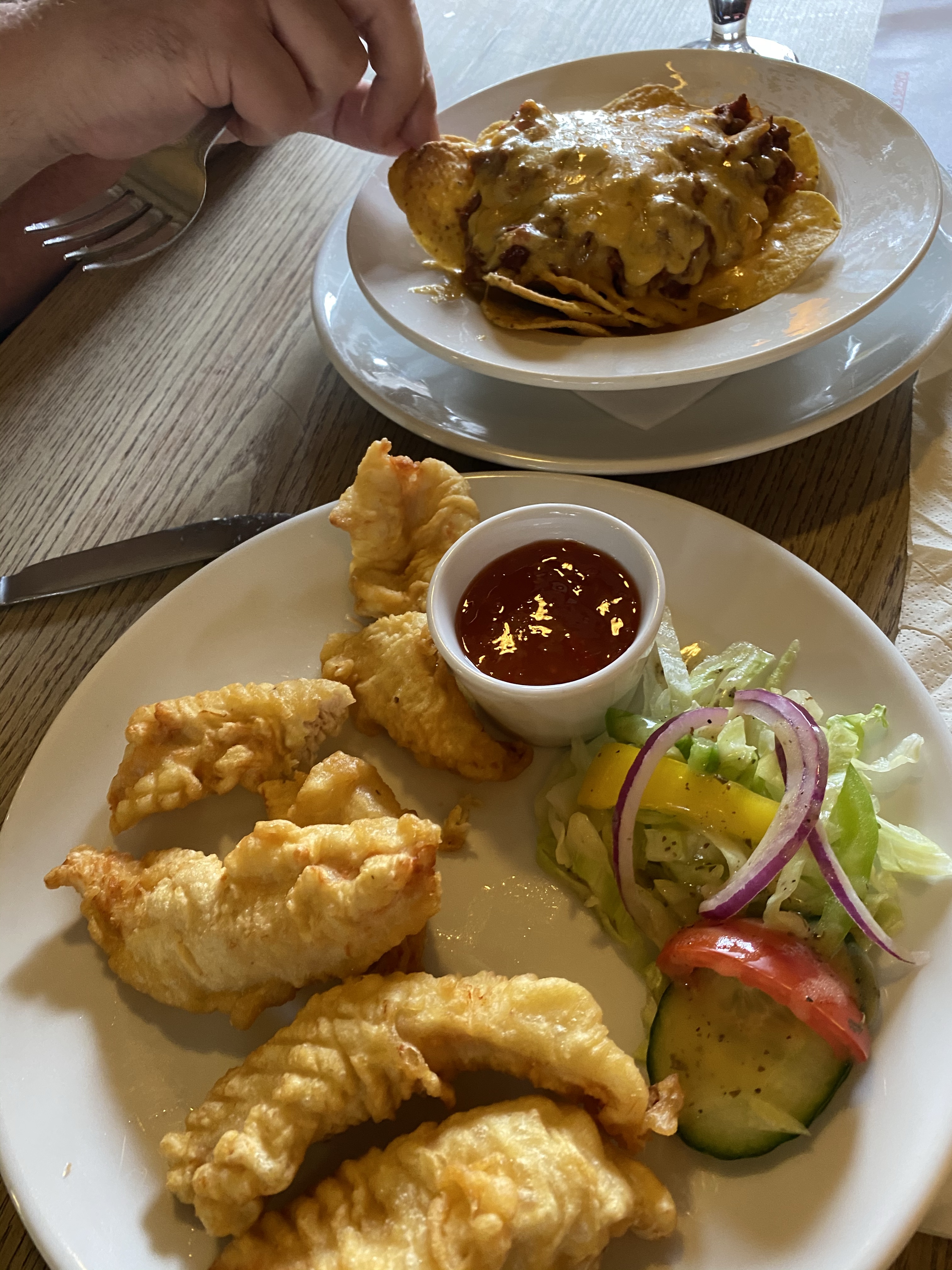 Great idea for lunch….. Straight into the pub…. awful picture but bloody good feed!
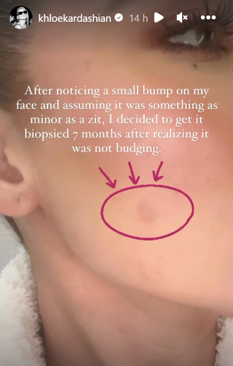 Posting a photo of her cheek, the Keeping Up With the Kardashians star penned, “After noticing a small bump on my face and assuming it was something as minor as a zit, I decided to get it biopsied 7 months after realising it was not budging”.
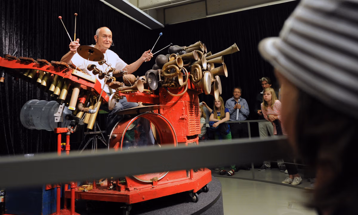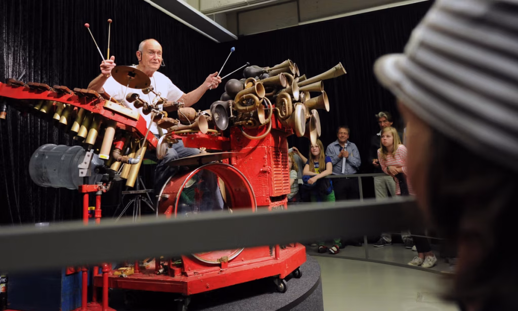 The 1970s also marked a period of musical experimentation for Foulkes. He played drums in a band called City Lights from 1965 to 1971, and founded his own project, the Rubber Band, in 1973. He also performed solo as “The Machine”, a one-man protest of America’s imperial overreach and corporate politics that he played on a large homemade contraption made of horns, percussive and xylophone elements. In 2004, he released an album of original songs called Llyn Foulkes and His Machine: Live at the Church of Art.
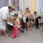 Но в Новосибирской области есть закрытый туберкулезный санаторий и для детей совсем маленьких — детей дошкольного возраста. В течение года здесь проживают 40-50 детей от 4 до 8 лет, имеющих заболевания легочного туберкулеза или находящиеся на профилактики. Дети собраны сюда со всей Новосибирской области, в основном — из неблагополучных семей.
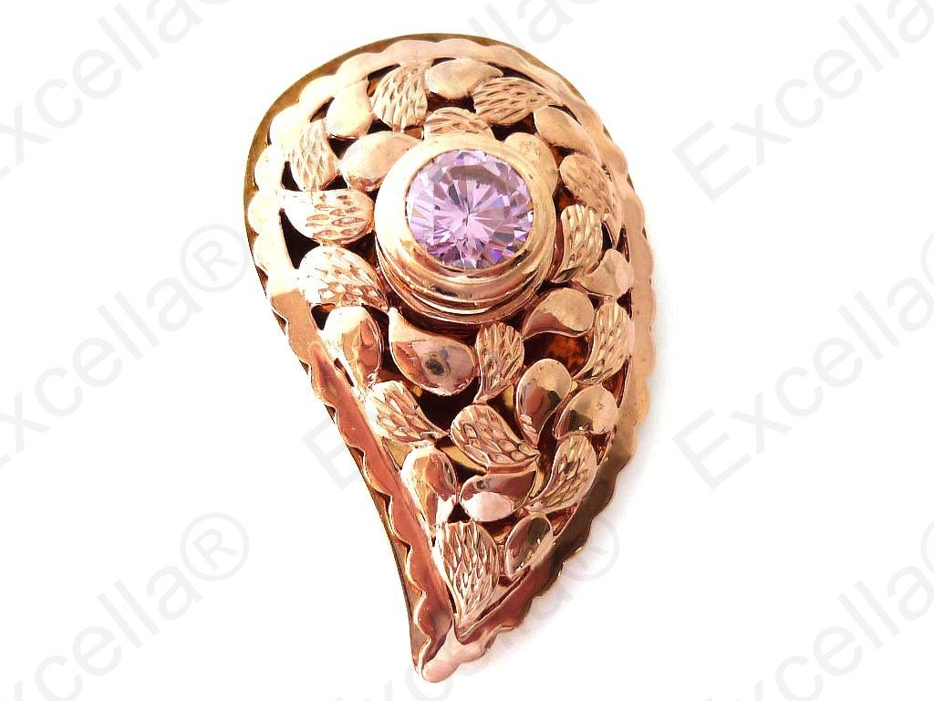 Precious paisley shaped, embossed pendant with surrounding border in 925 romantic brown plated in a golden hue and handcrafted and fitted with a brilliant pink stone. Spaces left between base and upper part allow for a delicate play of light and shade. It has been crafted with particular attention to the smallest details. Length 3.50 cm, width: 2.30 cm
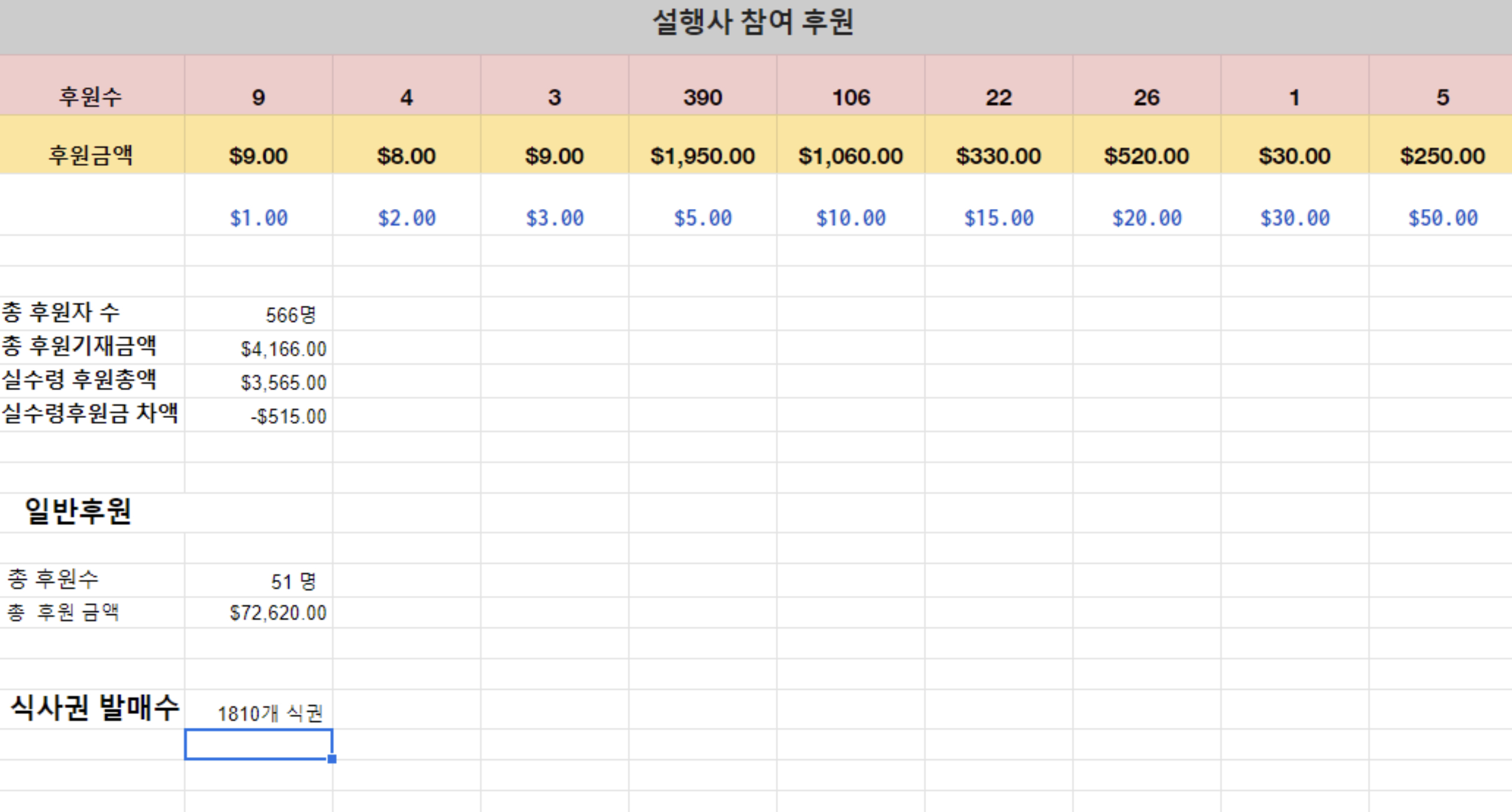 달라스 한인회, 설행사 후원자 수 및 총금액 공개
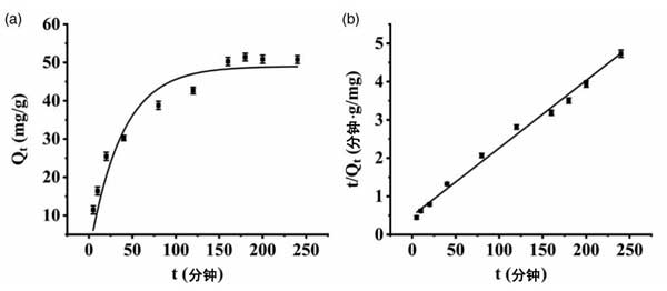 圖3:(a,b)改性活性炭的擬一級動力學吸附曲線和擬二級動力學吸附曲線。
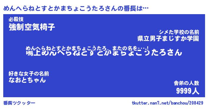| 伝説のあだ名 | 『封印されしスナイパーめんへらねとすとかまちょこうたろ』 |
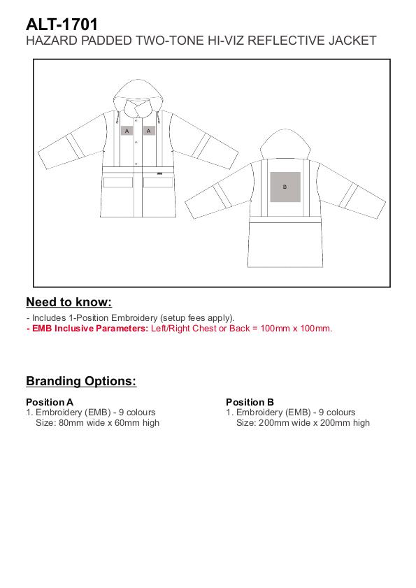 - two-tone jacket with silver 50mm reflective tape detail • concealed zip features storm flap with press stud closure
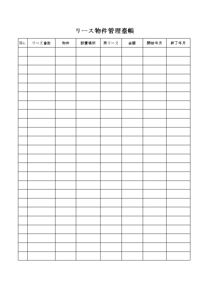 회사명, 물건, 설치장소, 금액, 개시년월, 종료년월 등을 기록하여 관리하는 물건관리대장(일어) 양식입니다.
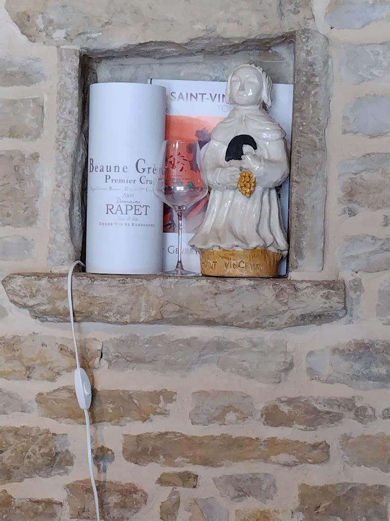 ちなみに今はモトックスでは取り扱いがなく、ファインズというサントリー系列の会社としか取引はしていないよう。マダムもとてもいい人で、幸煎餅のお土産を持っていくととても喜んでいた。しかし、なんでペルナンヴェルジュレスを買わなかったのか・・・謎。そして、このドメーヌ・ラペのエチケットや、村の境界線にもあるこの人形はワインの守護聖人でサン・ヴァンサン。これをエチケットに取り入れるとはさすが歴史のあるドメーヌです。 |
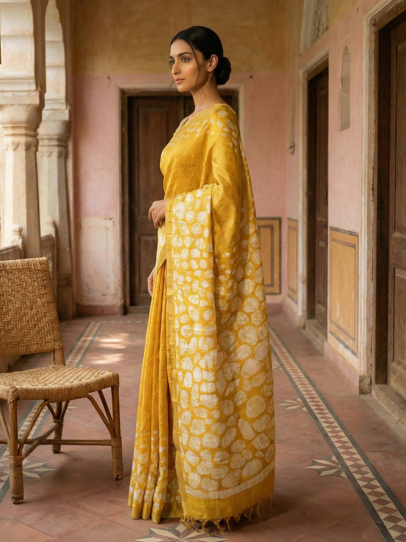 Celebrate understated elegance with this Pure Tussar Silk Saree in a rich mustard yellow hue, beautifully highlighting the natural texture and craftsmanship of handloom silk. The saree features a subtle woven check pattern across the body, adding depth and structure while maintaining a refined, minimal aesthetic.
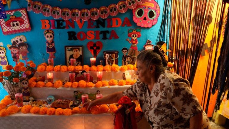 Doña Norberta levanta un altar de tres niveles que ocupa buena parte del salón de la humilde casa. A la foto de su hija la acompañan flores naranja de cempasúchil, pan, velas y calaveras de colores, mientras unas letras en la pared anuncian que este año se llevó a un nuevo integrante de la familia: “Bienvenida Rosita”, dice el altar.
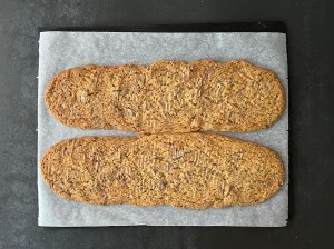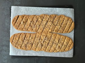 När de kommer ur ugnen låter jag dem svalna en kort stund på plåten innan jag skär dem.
• • • • • • •
Work instructions
Repeat only the lines from the line with "달라스 한인회, 설행사 후원자 수 및 총금액 공개" to the end of the entries, including both the first and the last line, and drop every picture.

Written response
 달라스 한인회, 설행사 후원자 수 및 총금액 공개
 圖3:(a,b)改性活性炭的擬一級動力學吸附曲線和擬二級動力學吸附曲線。
| 伝説のあだ名 | 『封印されしスナイパーめんへらねとすとかまちょこうたろ』 |
 - two-tone jacket with silver 50mm reflective tape detail • concealed zip features storm flap with press stud closure
 회사명, 물건, 설치장소, 금액, 개시년월, 종료년월 등을 기록하여 관리하는 물건관리대장(일어) 양식입니다.
 ちなみに今はモトックスでは取り扱いがなく、ファインズというサントリー系列の会社としか取引はしていないよう。マダムもとてもいい人で、幸煎餅のお土産を持っていくととても喜んでいた。しかし、なんでペルナンヴェルジュレスを買わなかったのか・・・謎。そして、このドメーヌ・ラペのエチケットや、村の境界線にもあるこの人形はワインの守護聖人でサン・ヴァンサン。これをエチケットに取り入れるとはさすが歴史のあるドメーヌです。 |
 Celebrate understated elegance with this Pure Tussar Silk Saree in a rich mustard yellow hue, beautifully highlighting the natural texture and craftsmanship of handloom silk. The saree features a subtle woven check pattern across the body, adding depth and structure while maintaining a refined, minimal aesthetic.
 Doña Norberta levanta un altar de tres niveles que ocupa buena parte del salón de la humilde casa. A la foto de su hija la acompañan flores naranja de cempasúchil, pan, velas y calaveras de colores, mientras unas letras en la pared anuncian que este año se llevó a un nuevo integrante de la familia: “Bienvenida Rosita”, dice el altar.
 När de kommer ur ugnen låter jag dem svalna en kort stund på plåten innan jag skär dem.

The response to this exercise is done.